3. Results Yields varied considerably between sites, TOS and cultivar. Low yielding sites, where the best performing cultivar yielded less than 2.5 t/ha were at Corrigin in 2012 (2.1 t/ha), Eradu in 2012 (1.0 t/ha) and Minnipa in 2012 (2.3 t/ha). Moderate yields were generated by the best performing cultivar at Minnipa in 2011 (4.1 t/ha), Eradu in 2011(3.1 t/ha) and Bungunya in 2012 (3.3 t/ha). High yields, greater than 4 t/ha, were produced at Spring Ridge in 2011 (5.6 t/ha), Temora (4.4 t/ha) and Corrigin in 2011 (4.4 t/ha). Within a site, the expected decline in yield from the best performing cultivar at time of sowing 1 to time of sowing 2 and 3 varied between locations. From time of sowing 1 to time of sowing 3 yields typically declined by between 0.8 and 1.3 t/ha from Corrigin (2011, 2012), Minnipa (2012), Eradu (2012), Bungunya (2012). More moderate declines in yield occurred at Eradu in 2012 (0.2 t/ha), and Temora in 2011 (0.7 t/ha) and the range of yields at each site and time of sowing are presented in Table 6. In Spring Ridge, yields increased by 1.5 t/ha from time of sowing 1 to time of sowing 3. Similarly the yield decline between time of sowing 1 and time of sowing 2 ranged from 0.1 t/ha at Temora to 0.5 t/ha in Minnipa in 2012. At all other sites yields declined by between 0.2 and 0.4 t/ha from time of sowing 1 to time of sowing 2. The exception was the increase of 1.6 t/ha from time of sowing 1 to time of sowing 2 at Spring Ridge. Therefore, across sites and times of sowing, yields ranged from 0.7 t/ha to 5.6 t/ha, and at all sites except Spring Ridge, delayed time of sowing generally reduced yield (Table 6). Cultivar and the interaction between cultivar and time of sowing at the site level were comparatively small for grain yield, with some exceptions. At Bungunya, Corrigin in 2011 and 2012 and Eradu in 2012 the genetic variance was approximately 10% and the genotype by management component was approximately 9% or less (Table 5). The genetic variance at Eradu, Minnipa, Spring Ridge and Temora were all 23% or greater. However, providing the main cultivar effect was unbounded, the genotype by environment component for yield was greater than 5% at every location except Minnipa in 2012 (Table 5). Therefore, before the meta-analysis of data was conducted, the
Fig. 2. The predicted values for grain weight (mg) and grain number for each site across all cultivars and times of sowing.

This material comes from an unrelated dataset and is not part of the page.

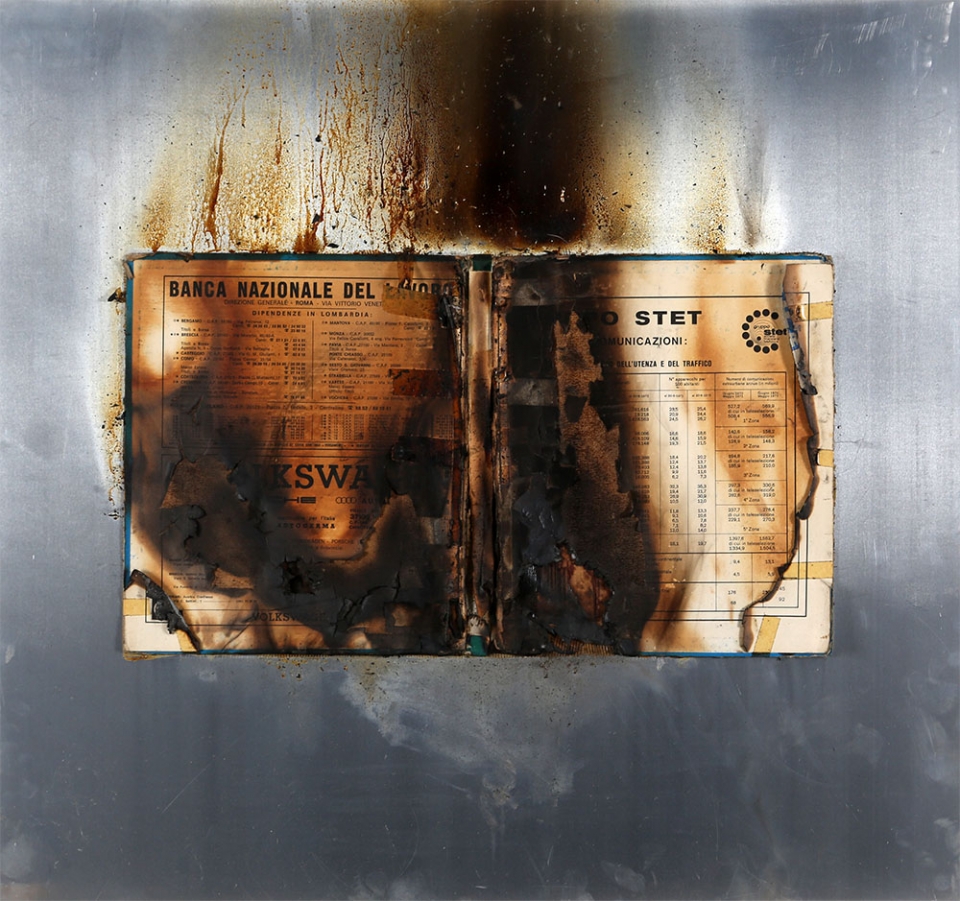 BERNARD AUBERTIN 1934 Livre Brulé, 1974 Libro bruciato applicato su lamiera, cm. 66 x 70 Firmato e datato sul retro Etichetta Galleria Centro Brescia sul retro Autentica dell’artista su fotografia Opera registrata presso l’Archivio Bernard Aubertin Prov. Collezione Privata

G × M that can be exploited using commercial cultivars was small. Within a site the variance component for cultivar and the variance component for the interaction between cultivar and time of sowing for biomass and grain number were commensurate with the equivalent variance components for yields at most sites (Table 5). One exception occurred at Minnipa in 2011, where the variance component for cultivar yield was 44%, but the variance component for cultivar biomass was just 14%. The variance components for cultivar and the interaction between cultivar and TOS for grain weight were often larger than the corresponding variance components for the other 3 traits. The outputs from the meta-analysis confirmed the findings from the initial analysis of data at the individual sites with regard to the small amount of genetic variation and even smaller amount of genotype by management interaction within a site. To that end, the best performing genotype did vary between sites, but rarely varied within a site between TOS 1, TOS 2 and TOS 3 (Table 7). For example, Wyalkatchem, an early to mid season cultivar was the best performing, or equal best performing at Corrigin in 2011 and 2012, Eradu in 2011 and 2012 and Minnipa in 2011. Wyalkatchem was bested by the faster maturing Axe at Minnipa at 2012. However across these southern and western sites, Wyalkatchem dominated at all times of sowing. While Crusader was identified as the highest ranked cultivar at TOS 3 at Eradu, its performance at that time of sowing was not significantly different from Wyalkatchem. At the eastern sites, in Temora, Bungunya and Spring Ridge, the cultivar Gregory was the best performing or equal best performing, regardless of time of sowing. Gregory was characterised as a longer season cultivar, which should theoretically yield less than faster maturing cultivars when sown late. This did not occur at any of these locations. 3.1. Relationships between traits Overall, across sites and cultivars there were strong correlations between grain yield biomass (r = 0.94) and grain number (r = 0.94). The relationship between grain yield and grain weight was comparatively poor (r = 0.58).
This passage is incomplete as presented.